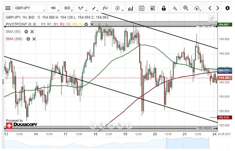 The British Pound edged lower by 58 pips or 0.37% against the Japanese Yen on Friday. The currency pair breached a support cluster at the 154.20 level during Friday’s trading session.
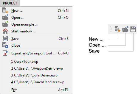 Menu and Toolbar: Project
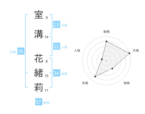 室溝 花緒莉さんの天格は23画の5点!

════════════════════

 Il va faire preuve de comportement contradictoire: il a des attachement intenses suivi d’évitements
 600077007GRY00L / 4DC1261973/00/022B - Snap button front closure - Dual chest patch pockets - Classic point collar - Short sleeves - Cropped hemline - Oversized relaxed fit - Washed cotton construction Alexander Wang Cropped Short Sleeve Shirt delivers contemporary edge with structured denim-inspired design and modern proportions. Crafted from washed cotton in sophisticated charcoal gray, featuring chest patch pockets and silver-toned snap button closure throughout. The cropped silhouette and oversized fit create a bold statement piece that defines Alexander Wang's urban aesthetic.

════════════════════

> Your goal:
Your answer should consist of the lines from the line with "Il va faire" to the line with "600077007GRY00L / 4DC1261973/00/022B" above, repeated exactly, both ends included.

> Expected answer:
 Il va faire preuve de comportement contradictoire: il a des attachement intenses suivi d’évitements
 600077007GRY00L / 4DC1261973/00/022B - Snap button front closure - Dual chest patch pockets - Classic point collar - Short sleeves - Cropped hemline - Oversized relaxed fit - Washed cotton construction Alexander Wang Cropped Short Sleeve Shirt delivers contemporary edge with structured denim-inspired design and modern proportions. Crafted from washed cotton in sophisticated charcoal gray, featuring chest patch pockets and silver-toned snap button closure throughout. The cropped silhouette and oversized fit create a bold statement piece that defines Alexander Wang's urban aesthetic.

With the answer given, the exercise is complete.